Saved entries
══════

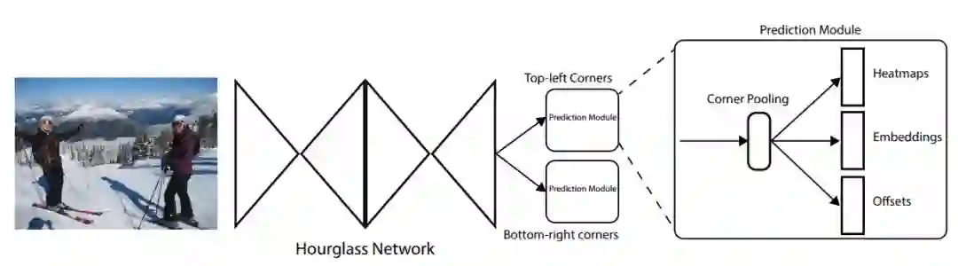 Hourglass Network是人体姿态估计的典型架构,论文堆叠两个Hourglass Network生成Top-left和Bottom-right corners,每一个corners都包括corners Pooling,以及对应的Heatmaps, Embeddings vector和offsets。embedding vector使相同目标的两个顶点(左上角和右下角)距离最短, offsets用于调整生成更加紧密的边界定位框。
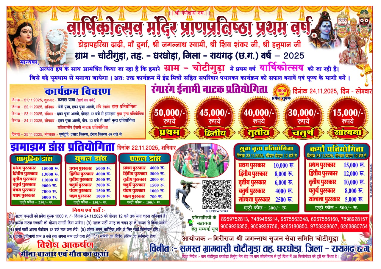 घरघोड़ा ब्लॉक के ग्राम चोटीगुड़ा में 24 नवंबर को एक बड़ा राजनीतिक और धार्मिक आयोजन देखने को मिलेगा। गिरिराज श्री जगन्नाथ श्रीजन सेवा समिति द्वारा आयोजित मंदिर प्राण-प्रतिष्ठा एवं वार्षिकोत्सव में छत्तीसगढ़ कांग्रेस के दो शीर्ष नेता:पूर्व उपमुख्यमंत्री टी.एस. सिंहदेव और छत्तीसगढ़ कांग्रेस अध्यक्ष दीपक बैज शामिल होंगे।
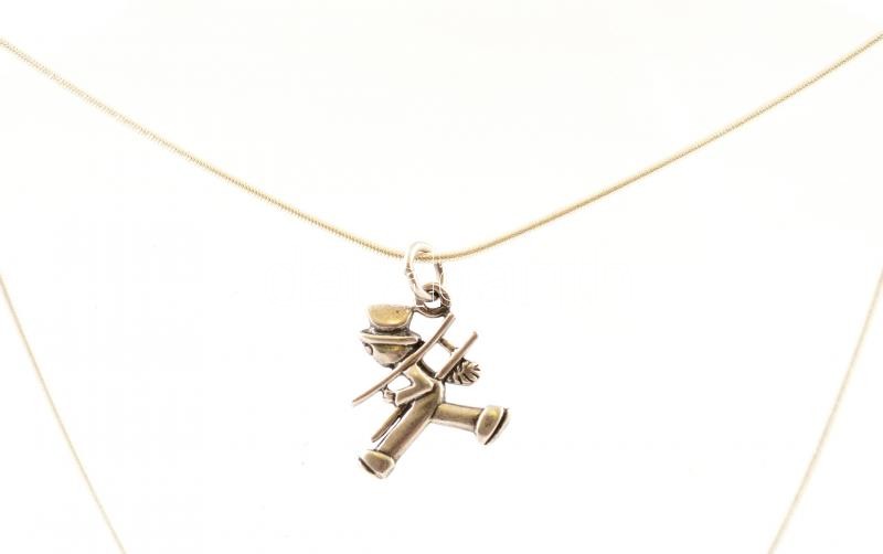 Leírás: Ezüst(Ag) kígyó nyaklánc, kéményseprő függővel, jelzett, állítható h: 45-50 cm, 2,7×1,8 cm, nettó: 9 g
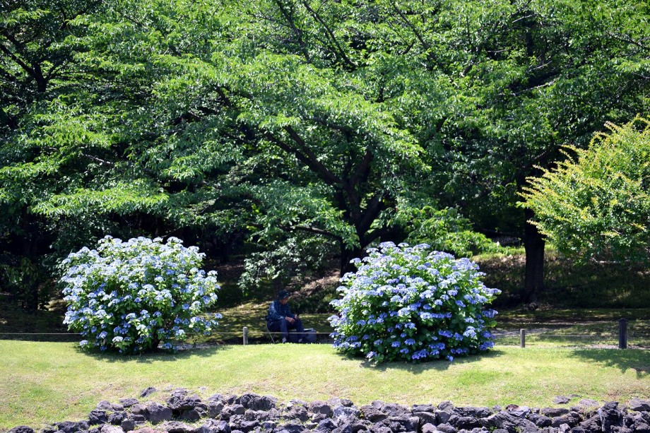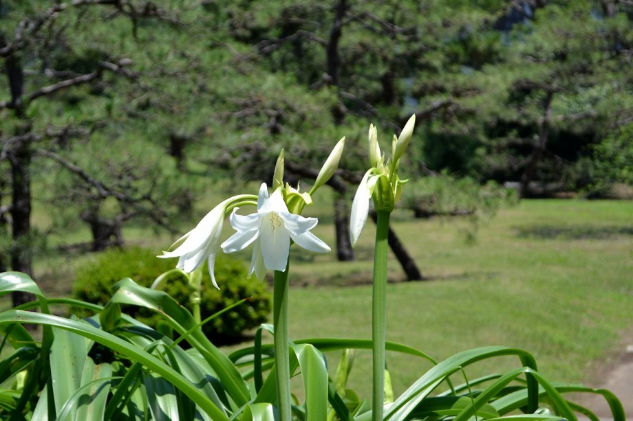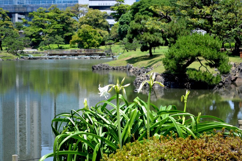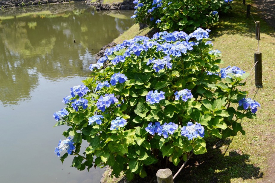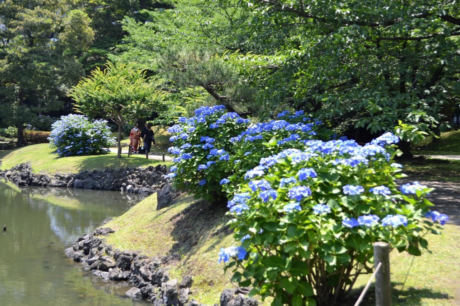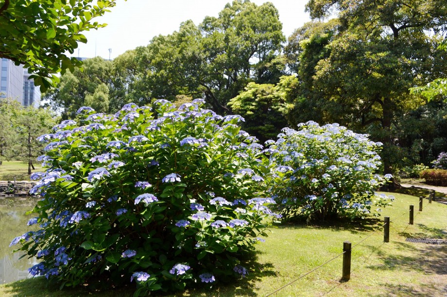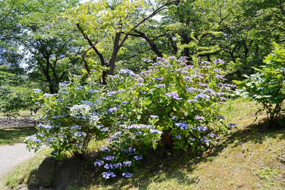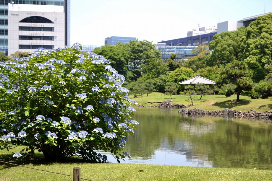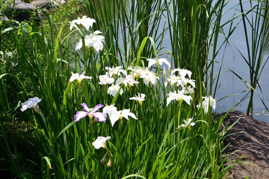 「一言」旧芝離宮に行きました。入口近くには桔梗やホタルフクロの花が咲いていました。池には花菖蒲が咲いていました。ノカンゾウも咲いていました。 色々なところに咲いている紫陽花も見頃になっていて綺麗です。庭園の奥方にユリが咲いていました。などしこの花も咲いていて散策して楽しいです。
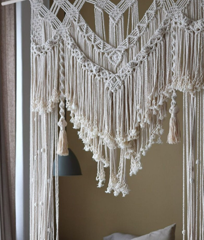 These hand-knotted wall hangings and curtains are as beautiful as they are versatile. They can be used to bring texture and creativity to any space. The Large size can be used as a wall hanging or hung over a window or door frame for that perfect bohemian feel. It can also be used as a gentle room divider that creates privacy but without closing off your space.

══════

PROBLEM TO SOLVE: Exact copy required, pictures excluded: the lines from the one holding "Leírás: Ezüst(Ag) kígyó" through the last line of the data, both ends included.

RESULT:
 Leírás: Ezüst(Ag) kígyó nyaklánc, kéményseprő függővel, jelzett, állítható h: 45-50 cm, 2,7×1,8 cm, nettó: 9 g
 「一言」旧芝離宮に行きました。入口近くには桔梗やホタルフクロの花が咲いていました。池には花菖蒲が咲いていました。ノカンゾウも咲いていました。 色々なところに咲いている紫陽花も見頃になっていて綺麗です。庭園の奥方にユリが咲いていました。などしこの花も咲いていて散策して楽しいです。
 These hand-knotted wall hangings and curtains are as beautiful as they are versatile. They can be used to bring texture and creativity to any space. The Large size can be used as a wall hanging or hung over a window or door frame for that perfect bohemian feel. It can also be used as a gentle room divider that creates privacy but without closing off your space.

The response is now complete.